# Brian's equipment update



## BrianAbington (Mar 19, 2008)

Display: Insignia NS-42P650A11 42" plasma (made by samsung)

Bluray: Panasonic DMP-BD60 HDMI for picture, rca's connect the audio to the reciver

Cable/DVR: DCT6412 III (provided by Mediacom)

Video Games: Xbox 360, Nintendo Wii, old school 8bit nintendo

Internet/Network: Scientific Atlanta 2203 Modem, Net Gear N300 Router, Western Digital My World Book 1TB external hard drive

Reciver: Yamaha RX-V361

Wiring: Rocket fish HDMI, Monster cable component/optical audio cable for the 360, and acoustic research 12GA speaker cable.

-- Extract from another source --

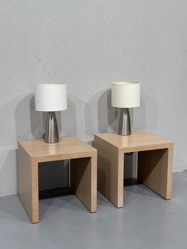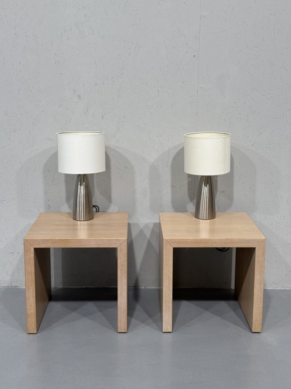 Isku laakajalkainen minimalistinen yöpöytä taso (2 kpl).  Valkovahattu pinta ja yksinkertaiset linjat. Runko tukeva ja laadukas, Isku laatua. Mukana molemmille pöydille Paulmannin pienet pöytävalaisimet valkoisella varjostimella. Valaisin toimii kosketuksella ja valotehoa 3 eri voimakkuutta. Valaisimien varjostimissa käytön kulumaa / jälkeä.

Speakers: Klipsch KG 4.2 x2 Want to add a pair of 5.2's for the fronts...rebuild a 5.2 into a horizontal center, and move the current 4.2's to the rear sides for surrounds...I would also like to rebuild the front 3 to add a subwoofer to each. 

Then...build a large folded horn sub to boom out what the subs in the towers doesn't reach.


----------



## bambino (Feb 21, 2010)

looks like a nice setup! And adding more BOOM, that never a bad idea, i like it.


----------